I was wondering if anyone has suggestions for fairly simple GO term enrichment that would benefit a survivor/non-survivor study. Currently I have just been comparing the top n most represented terms for the top n most differentially expressed genes. E.g., In the survivors these are the top n terms, and in the non-survivors these are the top n terms, filtering for common terms. I've also ranked terms by the average change in expression, between up and down regulated genes.
Would it be sufficient to continue with the current approach, or would it be worth exploring other venues (if so what would be some reasonable approaches). I have played around with DAVID to a degree, but the goal behind introducing GO was to add coarse-grained support to pathway analysis. DAVID results would warrant a more in dept followup and I want to avoid project creep.

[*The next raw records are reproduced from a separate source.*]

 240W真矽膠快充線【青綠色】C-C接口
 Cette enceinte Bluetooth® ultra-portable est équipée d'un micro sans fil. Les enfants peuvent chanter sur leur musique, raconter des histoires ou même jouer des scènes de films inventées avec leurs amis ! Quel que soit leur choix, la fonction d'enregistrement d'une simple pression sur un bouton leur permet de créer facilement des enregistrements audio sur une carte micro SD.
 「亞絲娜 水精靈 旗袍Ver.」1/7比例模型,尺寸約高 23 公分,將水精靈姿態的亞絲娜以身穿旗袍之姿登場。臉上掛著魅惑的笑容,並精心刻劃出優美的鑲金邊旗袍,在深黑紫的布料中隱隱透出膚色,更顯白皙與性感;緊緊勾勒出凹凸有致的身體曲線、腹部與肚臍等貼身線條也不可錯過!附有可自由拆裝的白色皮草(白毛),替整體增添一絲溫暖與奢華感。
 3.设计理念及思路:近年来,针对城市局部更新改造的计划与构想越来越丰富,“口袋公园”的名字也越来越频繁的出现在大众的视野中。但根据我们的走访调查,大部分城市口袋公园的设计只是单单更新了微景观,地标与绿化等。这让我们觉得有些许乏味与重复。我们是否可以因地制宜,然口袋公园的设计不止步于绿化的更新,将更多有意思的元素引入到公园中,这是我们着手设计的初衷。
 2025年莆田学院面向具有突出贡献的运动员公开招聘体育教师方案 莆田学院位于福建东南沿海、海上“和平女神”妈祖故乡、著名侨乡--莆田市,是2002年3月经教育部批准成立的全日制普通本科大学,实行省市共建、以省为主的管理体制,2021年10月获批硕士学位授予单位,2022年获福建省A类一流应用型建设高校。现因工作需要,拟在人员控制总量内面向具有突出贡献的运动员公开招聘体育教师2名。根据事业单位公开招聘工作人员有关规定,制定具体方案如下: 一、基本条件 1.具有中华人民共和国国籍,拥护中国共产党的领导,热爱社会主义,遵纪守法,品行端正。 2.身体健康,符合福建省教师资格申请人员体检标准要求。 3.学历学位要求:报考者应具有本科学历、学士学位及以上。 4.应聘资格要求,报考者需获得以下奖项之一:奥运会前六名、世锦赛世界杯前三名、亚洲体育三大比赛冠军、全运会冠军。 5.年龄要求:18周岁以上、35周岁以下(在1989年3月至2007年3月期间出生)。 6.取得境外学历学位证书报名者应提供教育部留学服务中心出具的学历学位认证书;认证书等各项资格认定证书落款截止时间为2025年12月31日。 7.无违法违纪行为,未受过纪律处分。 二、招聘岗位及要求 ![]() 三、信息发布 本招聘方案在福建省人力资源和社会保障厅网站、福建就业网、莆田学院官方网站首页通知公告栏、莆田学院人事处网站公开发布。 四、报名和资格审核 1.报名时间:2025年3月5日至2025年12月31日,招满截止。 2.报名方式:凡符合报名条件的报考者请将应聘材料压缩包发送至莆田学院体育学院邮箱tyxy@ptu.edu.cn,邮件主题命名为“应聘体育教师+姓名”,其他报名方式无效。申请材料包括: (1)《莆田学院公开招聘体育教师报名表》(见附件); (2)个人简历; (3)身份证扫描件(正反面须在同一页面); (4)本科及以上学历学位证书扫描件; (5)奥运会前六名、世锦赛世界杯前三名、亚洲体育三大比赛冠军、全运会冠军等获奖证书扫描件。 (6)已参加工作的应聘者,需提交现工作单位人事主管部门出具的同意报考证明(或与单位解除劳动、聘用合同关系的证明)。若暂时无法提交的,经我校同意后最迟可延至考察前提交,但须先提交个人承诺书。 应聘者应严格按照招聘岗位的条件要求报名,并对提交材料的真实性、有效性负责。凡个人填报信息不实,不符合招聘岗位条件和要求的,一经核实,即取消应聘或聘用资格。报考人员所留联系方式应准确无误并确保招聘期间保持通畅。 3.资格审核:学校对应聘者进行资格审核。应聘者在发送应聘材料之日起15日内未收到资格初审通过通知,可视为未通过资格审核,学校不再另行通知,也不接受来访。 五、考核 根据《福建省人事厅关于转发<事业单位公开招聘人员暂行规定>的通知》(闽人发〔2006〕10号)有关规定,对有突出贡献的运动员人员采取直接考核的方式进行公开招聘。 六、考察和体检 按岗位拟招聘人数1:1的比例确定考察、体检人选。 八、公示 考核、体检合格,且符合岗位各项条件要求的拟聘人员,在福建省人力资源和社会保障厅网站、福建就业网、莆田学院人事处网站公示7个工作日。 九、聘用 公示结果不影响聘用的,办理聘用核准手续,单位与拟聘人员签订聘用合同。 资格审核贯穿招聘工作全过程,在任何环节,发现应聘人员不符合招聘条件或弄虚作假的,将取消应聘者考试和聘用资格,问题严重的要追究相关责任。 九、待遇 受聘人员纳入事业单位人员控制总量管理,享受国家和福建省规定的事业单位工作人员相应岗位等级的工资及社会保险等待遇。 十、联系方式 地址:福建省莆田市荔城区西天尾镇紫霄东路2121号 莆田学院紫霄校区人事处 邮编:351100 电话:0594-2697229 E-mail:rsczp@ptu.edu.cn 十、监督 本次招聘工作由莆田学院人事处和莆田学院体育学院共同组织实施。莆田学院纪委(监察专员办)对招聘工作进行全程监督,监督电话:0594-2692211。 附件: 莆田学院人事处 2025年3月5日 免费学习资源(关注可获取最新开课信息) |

UPDATE: The arrays came from another study where the RNA used was collected only from experimental animals, not all can be assumed to have been exposed to the same experimental conditions. Animals considered non-suvivors here were those that met endpoint critera before the end of the study. Survivors were considered to be from those that had not yet reached endpoint criteria when the study period ended. The RNA was collected from liver tissue. This means that the samples are not time matched and there is no data for the control animals. The goal is to attempt to gain insight into the differences between two experimental classes.

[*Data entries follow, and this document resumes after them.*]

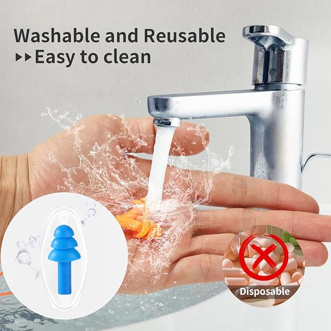 Ear Plugs for Swimming, Soft Ear Plugs for Sleeping Noise Cancelling, Reusable Ear Plugs for Noise Reduction, Ear Protection, Silicone Earplugs for Swimming, Sleeping, Snoring, Work, Concerts, 8 Pairs
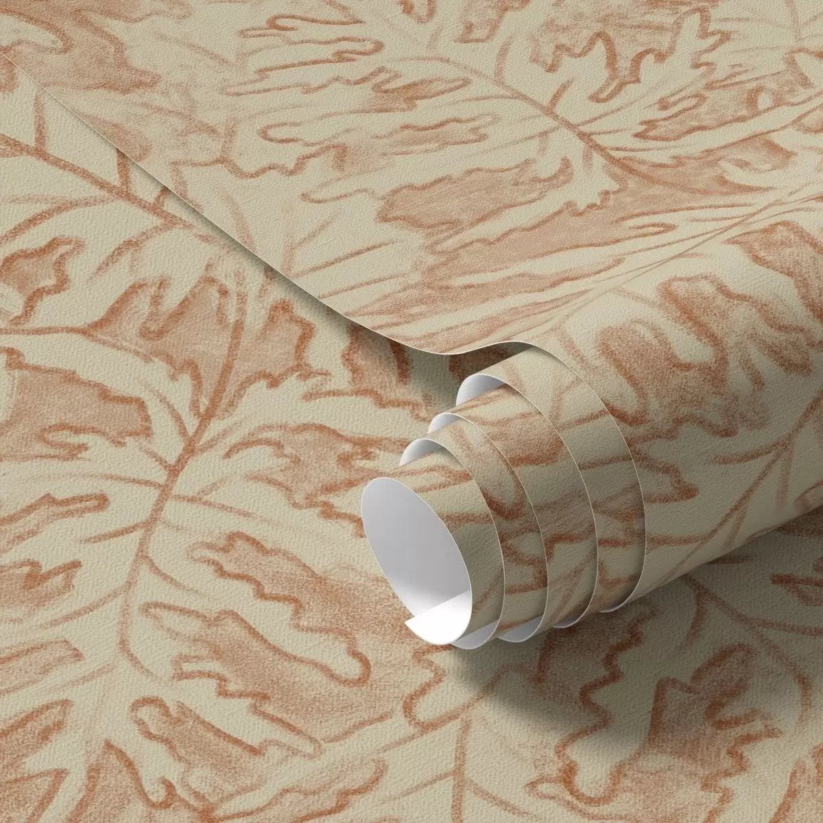 Tapeta Велики храстов листови у теракоти на кремастој подлози бр. a00846
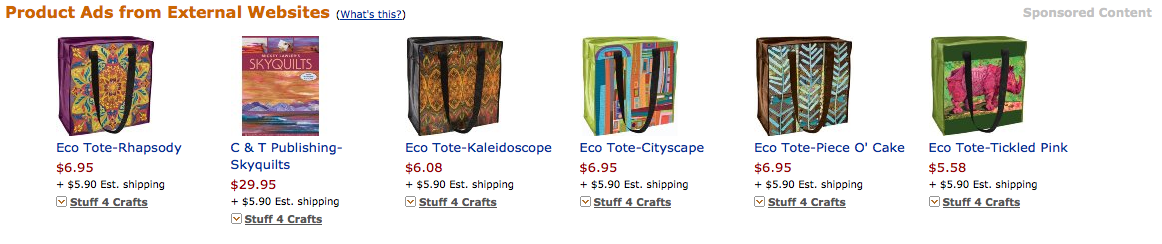 As a side light, a tote bag was made to publicize the book (shown above in a screenshot from Amazon). This particular screen shot was right above another shot of other quilters having their own totes as well (shown below).
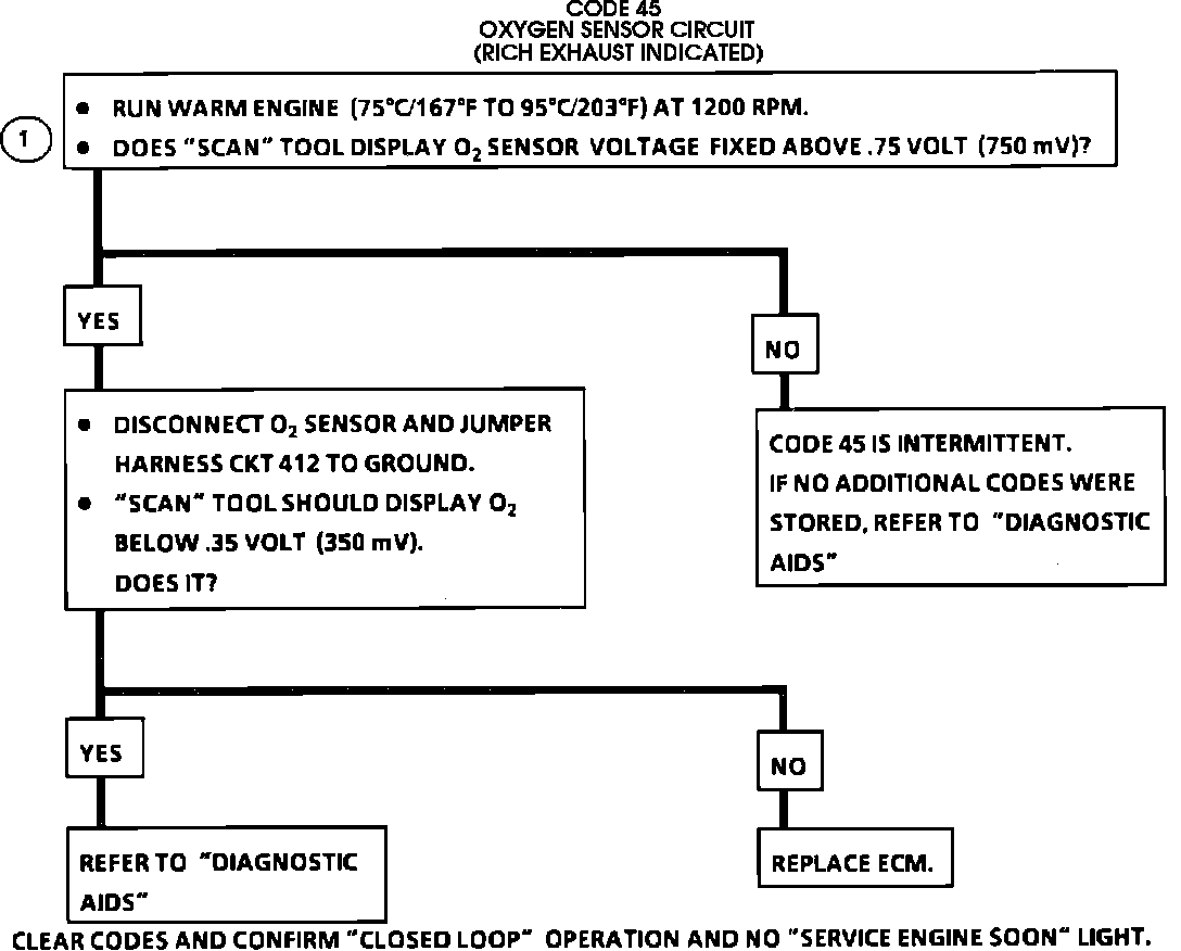 The Code 45 or rich exhaust is most likely caused by one of the following:

Differentially expressed here would mean a gene that has significant (p <= 0.05) FC of at least 2.0 between the non-survivors and survivors. The arrays were processed with limma using background subtraction and normalized with VSN.
GO term assignment has been established by mining for orthologous proteins through reciprocal blast againt human and mouse proteins. Mouse and human GO terms were downloaded directly from the GOC website to obtain the most recent versions. Meaning a gene in the model animal will only have GO annotations if there is at least one gene in either humans or mice that has a sufficient RBH. This also limits the analysis to some subset of the available probes on the arrays. Human and mouse derived annotations are being considered individually, meaning I plan to duplicate any GO enrichment I perform, once with the mouse set and once with the human set.
All of this is in a MySQL db, so it is flexible.
The idea is to use these annotations to provide a basic functional characterization of the differences between the two experimental groups.